As the “Taper Talk” almost becomes annoying we must go over something so simple yet no one grasps its full meaning.

The Fed has pumped hundreds of billions of dollars into the US and to some extent, the World economy. It has created a flow of funds that have travelled throughout asset classes to prime the pump of economies that desperately needed priming. This increase in cash throughout the economic system has fueled: a four-year bull market, A recovery in the housing sector, an increase in car sales and helped lower the unemployment rate by over a percentage point. This liquidity is firmly in the system and it is being used. Credit, which was a major problem during and just after the financial crisis has eased somewhat and banks are lending. Everything QE’s 1-3 were designed to do, they did. So what’s the problem?

Simple, the markets were addicted to the idea of free flowing money and expected that money to continue to fuel a recovery and in turn a rising market.
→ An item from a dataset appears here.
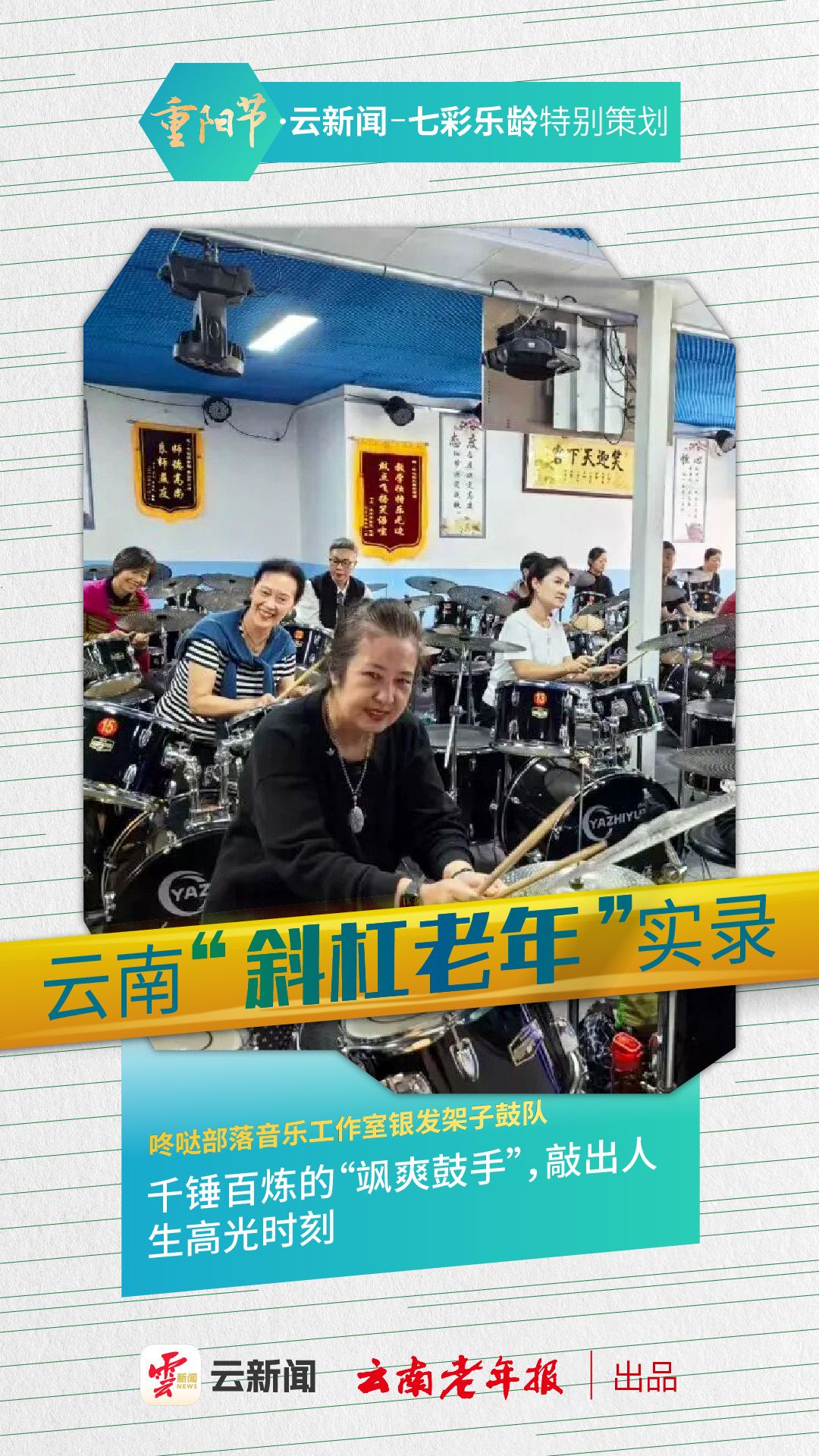 昆明市西山区春雨路937工业园区内的“咚哒部落音乐工作室”中,架子鼓“银发天团”的成员们都会齐聚一堂进行排练。她们中年纪最轻的也已年过半百,而最年长的更是年逾八旬。看她们动作整齐划一,宛如经过无数次锤炼,谁能料到,这群如今在鼓点中熠熠生辉的老者,最初竟是对着沙发垫练习握鼓技巧?“当初被问及为何选择打鼓,我回答道,我心中有故事,我的独子已离我而去,内心满是哀伤。”80岁的张佳明感慨道,如今,她已逐渐走出丧子之痛的阴影,鼓槌起落间,洋溢着快乐与精彩。“直到开始打架子鼓,我才明白,快乐能战胜年龄,敲出的是人生的璀璨篇章。”

Without that money, the markets and the economy will sink back to recessionary levels.

That is nonsense.

After the weakness in the market and the slow rising panic of addicted investors is passed, we will see the market and the economy continue to improve. The money is in the system and it is working. Banks will continue expanding their lending. Companies with cash hoards will start to put it to work more vigorously and effectively and the US economy will continue to expand. Probably not as fast as we would like but three percent growth overall sure sounds a lot better than zero and don’t be surprised if we get close to there by the end of the year.

This week will be highlighted by almost every Fed Governor speaking at some point. These talks are informative for anyone who understands Fed Speak and that’s about it. We are sure there will be mixed signals again and no one will truly understand when the tapering will begin or end.

We will be watching Durable Goods orders on Tuesday. GDP on Wednesday and Jobless claims on Thursday. There is some housing data as well as consumer sentiment.

Lately there have been very few surprises and we aren’t expecting any this week. We do think that Jobless claims will come in better than the consensus at around 330,000.

Volatility will subside a little and Friday might be a fun day to watch since the Russell Index is rebalancing and that is usually a fairly active day with some unusual price movements.